There is growing interest today in incorporating artificial intelligence (AI) and machine-learning (ML) components into software systems. This interest results from the increasing availability of frameworks and tools for developing ML components, as well as their promise to improve solutions to data-driven decision problems. In industry and DoD alike, putting systems that include ML components into production can be challenging. Developing an ML system is more than just building an ML model: The model must be tested for production readiness, integrated into larger systems, monitored at run time, and then evolved as data changes and redeployed. Because of this complexity, software engineering for machine learning (SE4ML) is emerging as a field of interest.

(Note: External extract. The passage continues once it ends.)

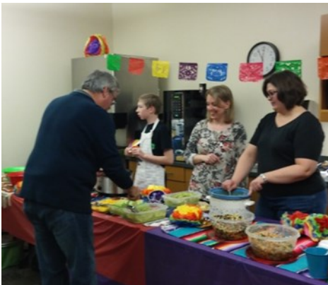
The movie The Three Amigos was represented by the Stanley Buccaneers 4-H Club.

Johnson County 4-H celebrated the movies and food at the Annual Food Fare held at the extension office on March 5. Members and leaders from Blue River Wranglers, Country Hearts, Frontier Family, Great Plains, Lucky Clover, Morning Glory, Oxford Hustlers, Pioneer, Prairie Star, Sharon, Stanley Buccaneers, and the Johnson County Master Food Volunteers each chose a movie and provided samples of food that represented that movie. Approximately 100 4-H members, parents, and guests attended the event. Thank you to all who participated in and/or attended the food fare. We look forward to seeing you next year!

This blog post describes how we at the SEI are creating and assessing empirically validated practices to guide the development of ML-enabled systems as part of AI engineering—an emergent discipline focused on developing tools, systems, and processes to enable the application of artificial intelligence in real-world contexts. AI engineering comprises development and application of practices and techniques that ensure development and adoption of transformative AI solutions that are human-centered, robust, secure, and scalable.
An ML-enabled system is a software system that relies on one or more ML components to provide capabilities. ML-enabled systems must be engineered such that
Integration of ML components is straightforward.The system is instrumented for runtime monitoring of ML components and production data.The cycle of training and retraining these systems is accelerated.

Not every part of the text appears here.